Letter to a young man leaving Cuba

This letter, written in May of this year, reflects something of today’s generational change in Cuba and something of the island’s new political language seeking to explain it. It was headed by this biblical text, from St. Paul’s instructions to Timothy: “Don’t let anyone look down on you because you are young, but set an example for the believers in speech, in conduct, in love, in faith and in purity… Watch your life and doctrine closely. Persevere in them because if you do, you’ll save both yourself and your hearers.” 1 Timothy 4:12-16

Rafael Hernández

I ’m sure you don’t remember the fall of the Berlin Wall, as perhaps you were born in that same year or at best you were finishing primary school. For you and your friends, the death of Ché is an event as remote as the era of the Russian revolution was for those of us who went out on the Literacy Crusade in 1961; as remote as the last century.
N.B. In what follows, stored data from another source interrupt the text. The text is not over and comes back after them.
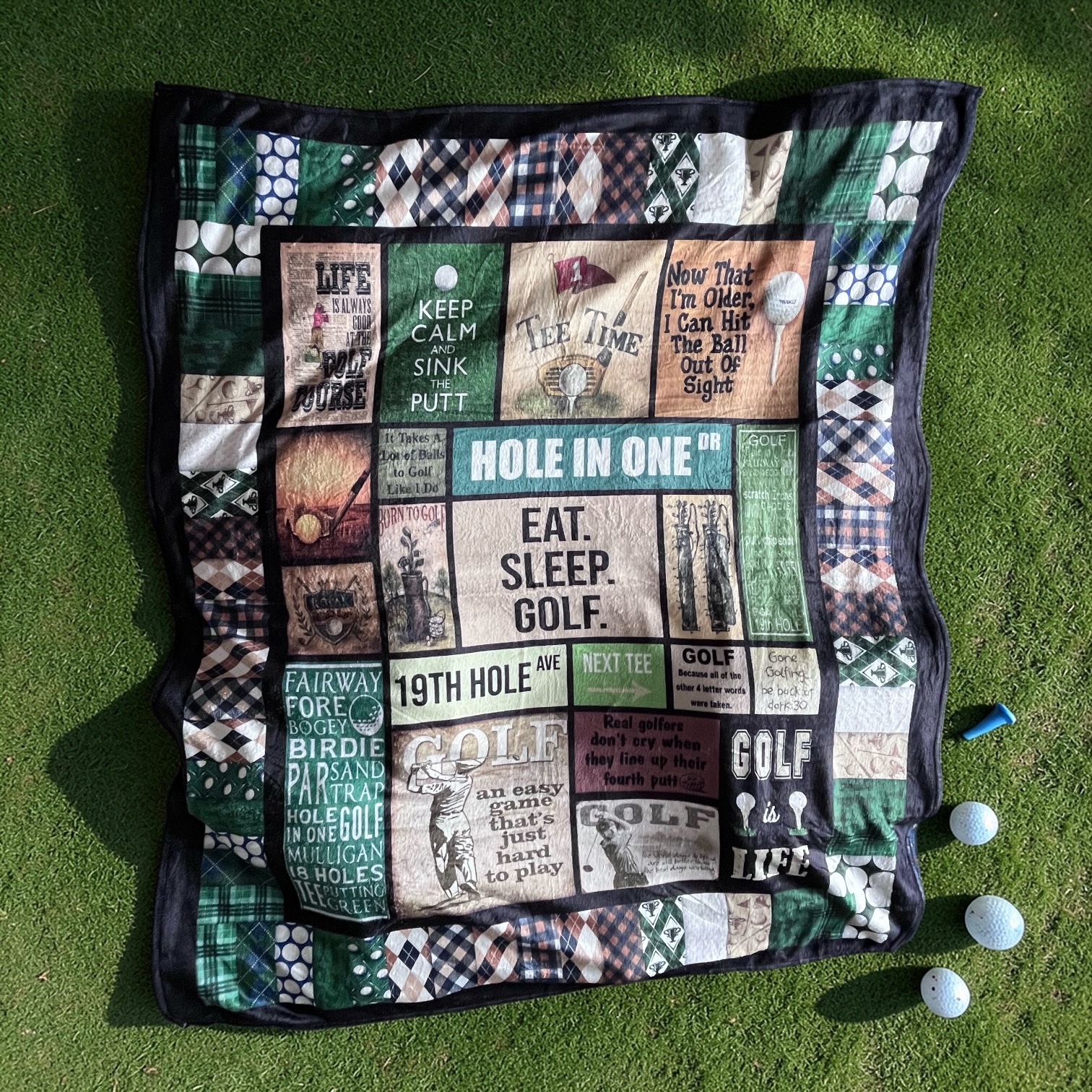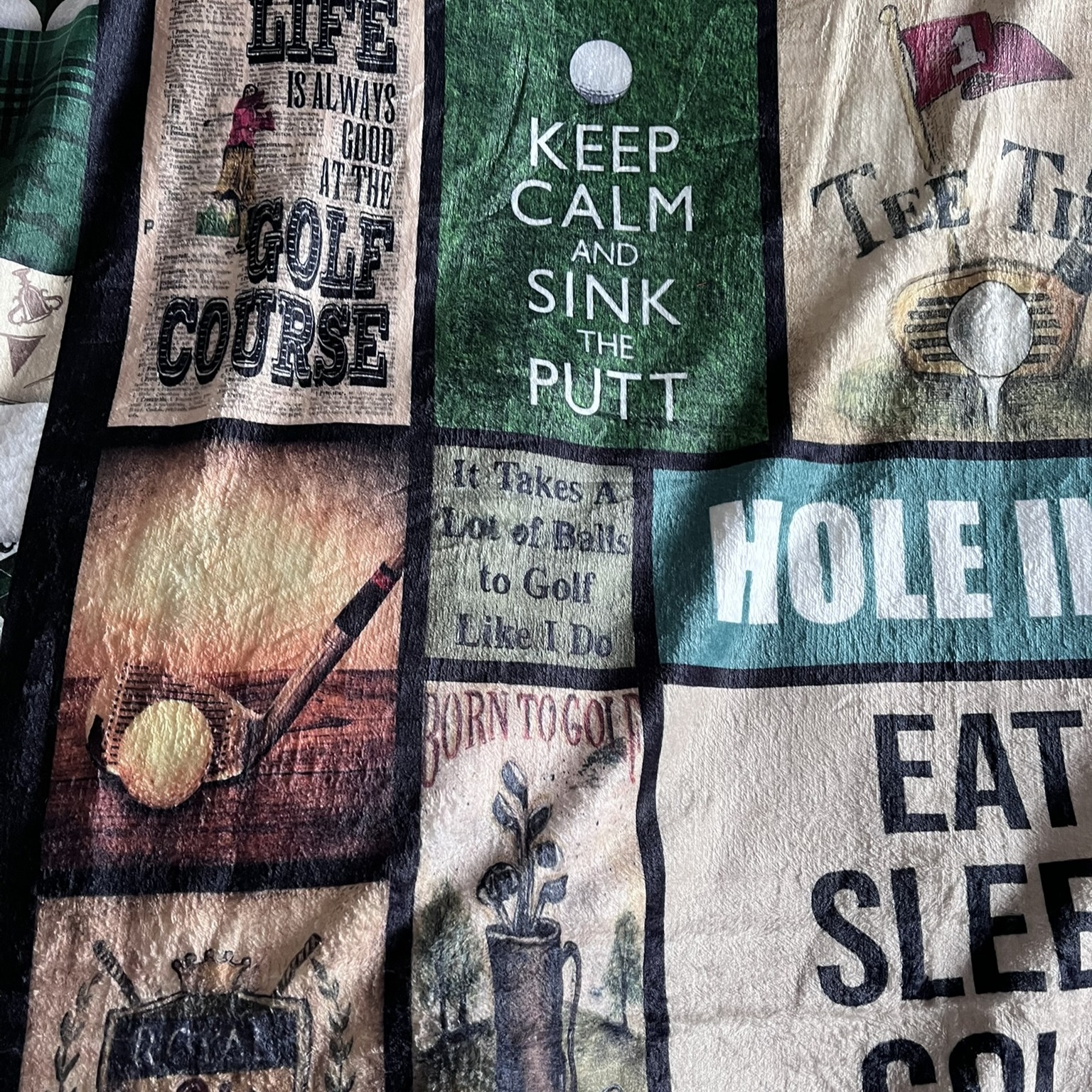 Veľká, mäkká a hrejivá deka s retro golfovými motívmi, ktorá ťa zahreje rýchlejšie než birdie na poslednej jamke. Z jednej strany štýlové vintage obrázky, z druhej čistá biela – pre prípad, že chceš oddychovať minimalisticky (alebo skryť, že si si ju práve polial vínom).
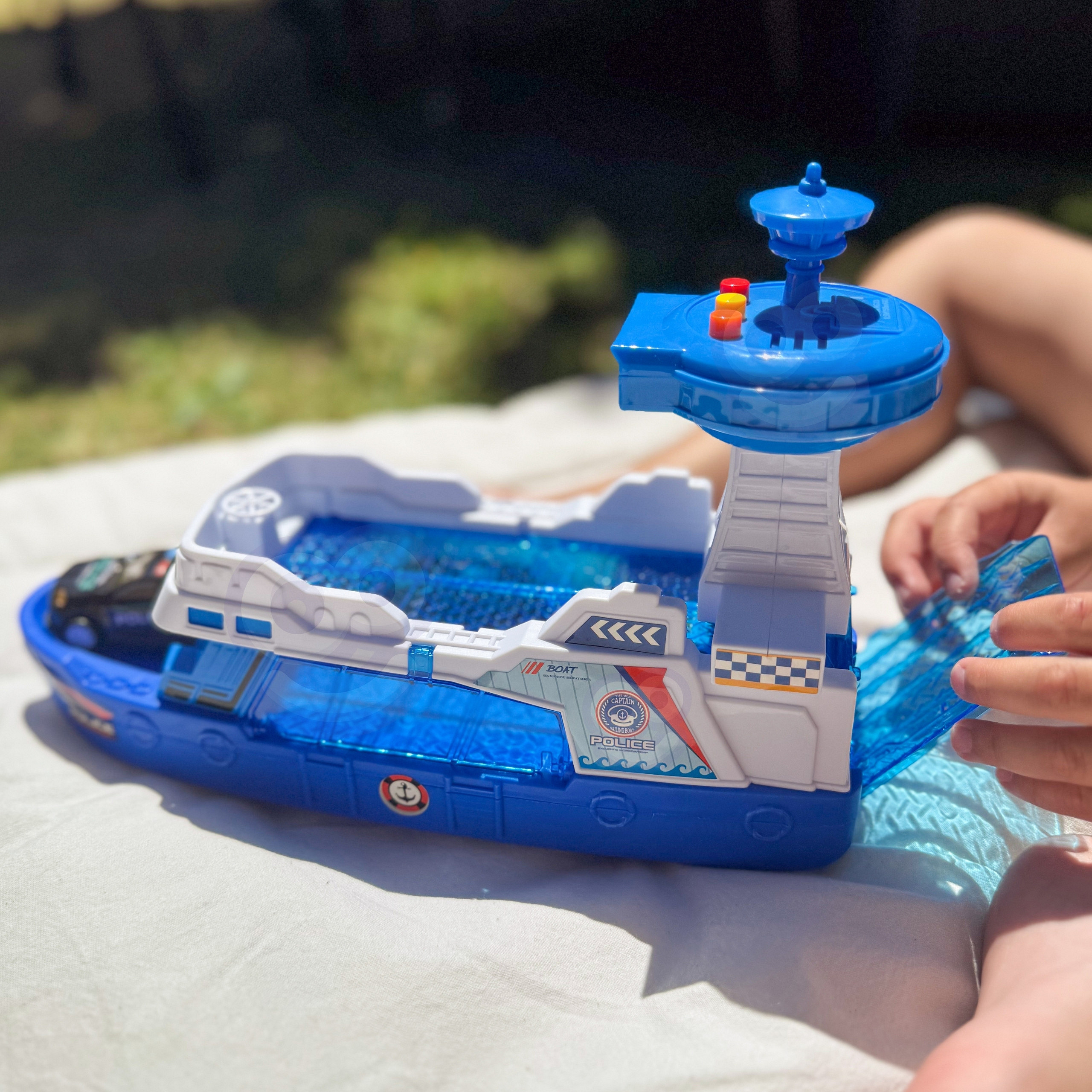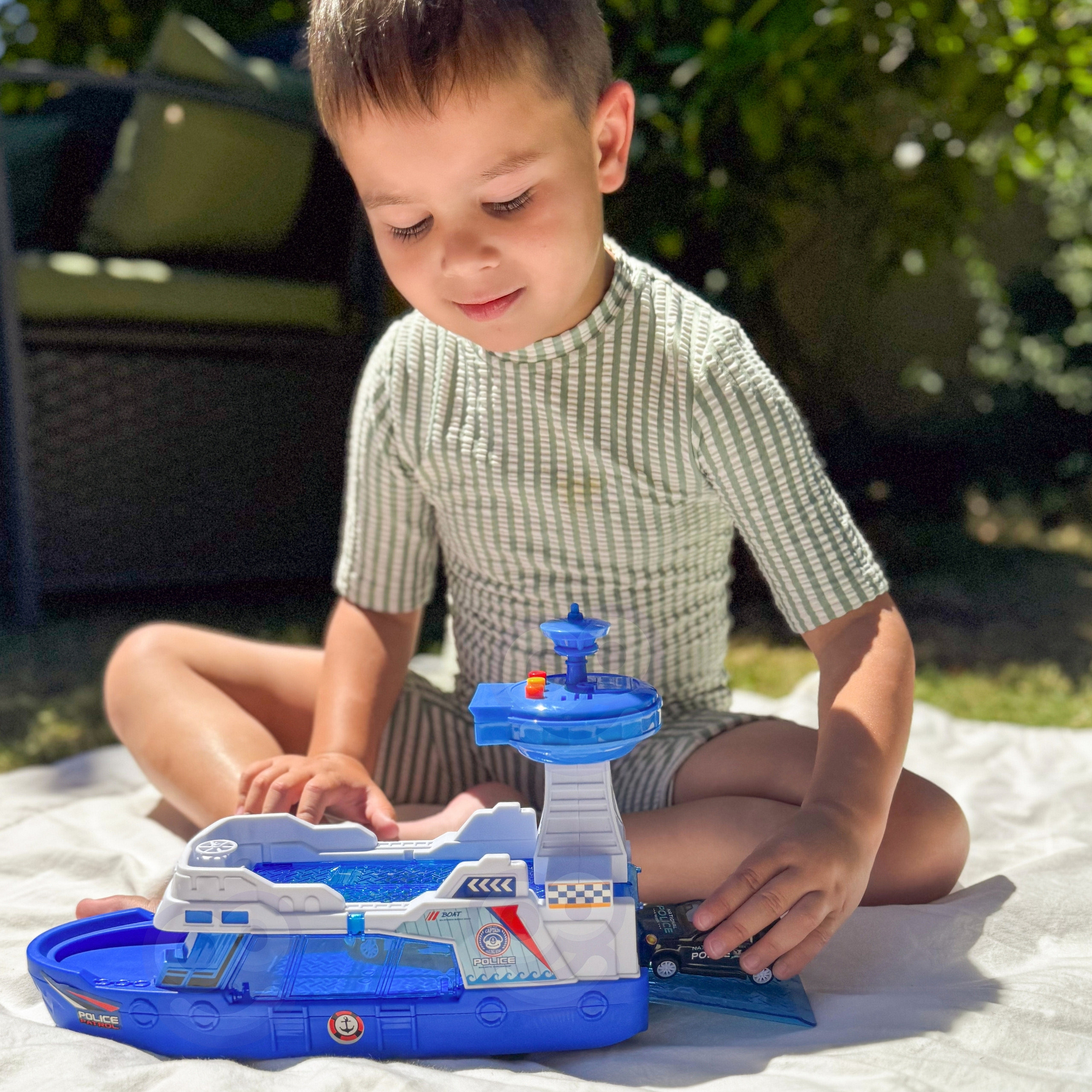 Przenieś się do świata wodnych akcji ratunkowych z policyjną łodzią patrolową od marki Woopie! Ten wyjątkowy zestaw to nie tylko duża, efektowna łódź z ruchomymi elementami, ale także trzy metalowe samochodziki policyjne, które zapewnią mnóstwo emocjonującej zabawy. Realistyczne efekty świetlne i dźwiękowe sprawią, że każda misja będzie jeszcze bardziej ekscytująca. To idealna propozycja dla każdego małego fana służb mundurowych i dynamicznej zabawy!
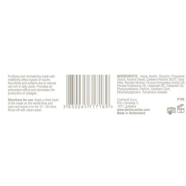Маска содержит каолин, который абсорбирует избыток кожного сала, очищая поры. Компоненты с высоким содержанием органического кремния поддерживают влагоудерживающую способность кожи и ее эластичность. Коктейль легких масел способствует восстановлению корнеобаланса кожи.
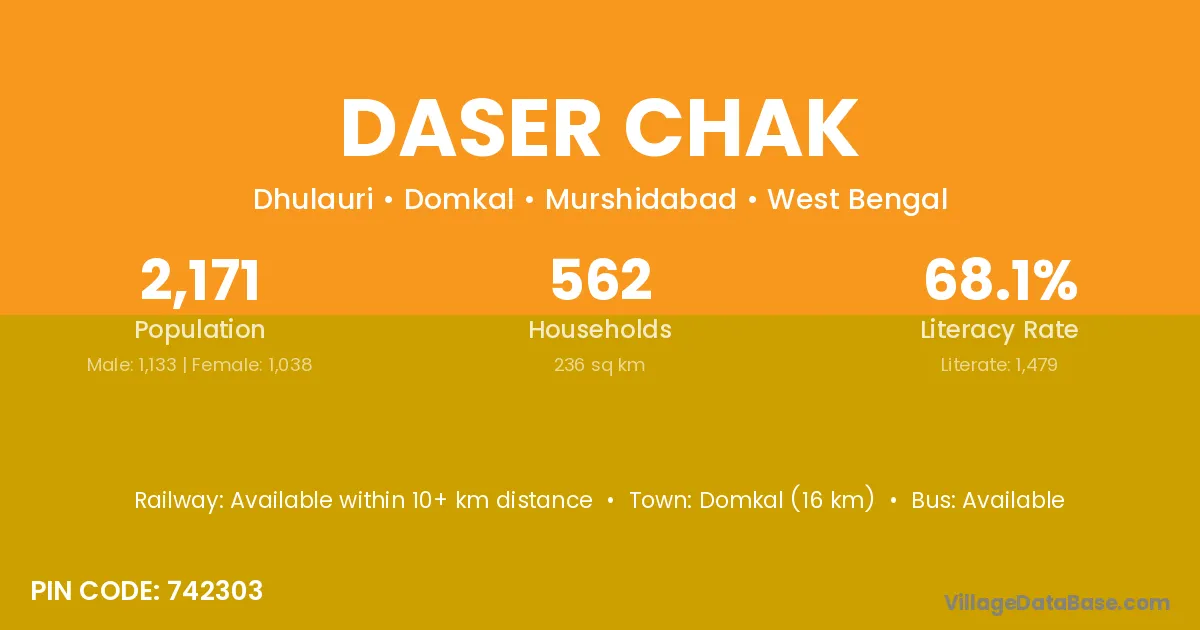 Domkal (16 km) is the nearest town to Daser Chak village for major economic activities and is located approximately 16 km away.
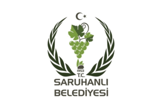 The former flag of Saruhanlı (photo, photo) is white with the municipality's former emblem. The motto reads "Grapes' Capital". "Belediyesi" means "Municipality".
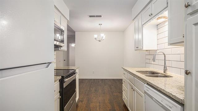 Cul de sac property! Gorgeous half-duplex in one of the most desirable areas of Fort Worth! Updates include: granite countertops, subway tile backsplash and tub surround, appliances, fixtures, and much more throughout! Floor-to-ceiling brick fireplace. French doors leading to private backyard. Washer-dryer connections off of kitchen. 2-car garage. Minutes from all Downtown Fort Worth has to offer!

Although you were alive to celebrate the birth of the new millennium, you feel more 21st century than 20th. If someone were to tell you that you’re a transition Cuban, you would give them a strange look. This phrase had a certain glory in the sixties; now not so much. On the other hand, if someone were to tell you you’re a citizen of the special period, you might shrug your shoulders or make a cutting remark, but basically you would be more in agreement.

Most of your childhood and adolescence coincided with that special period. Unlike the old folk, you haven’t had to experience it as really bad times, or worse, a breakdown of dreams, but rather as life’s only horizon.

By the time you arrived,
everything was done

In your 22 years, which, the experts say is a generation and a half, you haven’t experienced epics like the Bay of Pigs or the October Crisis, or even the Angolan war. You feel that the biggest difference with the old, however, wasn’t the lack of those heroic moments but of those dreams. The more television pours out its repeated images on the screen, the further the revolutionary saga moves from you. You’ve seen them so many times they don’t tell you anything.

But it’s not this that you’ve missed as much as the projects those before you were able to do. By the time you came along, everything was done, established by those who had demolished the old order (“the past” to them) and built and regulated the new. You weren’t here in time for that construction; you think the country invented by others (“the past” to you) no longer exists and only a rather hopeless old order survives. The worst, however, isn’t to have been born into a pre-established order, because this happens to everyone, but rather your uncertain chances of changing it. In any event, you don’t want to spend your life trying to do so, because this is the only life you have, and you aspire to have your own roof over your head, a job you like that allows you to do what you can with your ability and efforts, without transport and electricity hardships, and to plan to go somewhere on vacation once a year, even if you have to do without other things. You think the only way to achieve such a life is to hop over this horizon and look for others.

I don’t want to dissuade you

I don’t know when you decided to go and perhaps a part of you still has doubts. Perhaps it came to you the first time you knew a friend was no longer here; or when they took a roll-call at an old school reunion and you realized that many former classmates had left; or perhaps your partner got it into her head and doesn’t stop talking about it all day long; or because that same partner has taken out Spanish citizenship, and with her passport you can now both go and live in Europe or any other country, even the United States; or because your relatives in Miami, Madrid or Toronto can give you a hand; or just because you need to breathe different air.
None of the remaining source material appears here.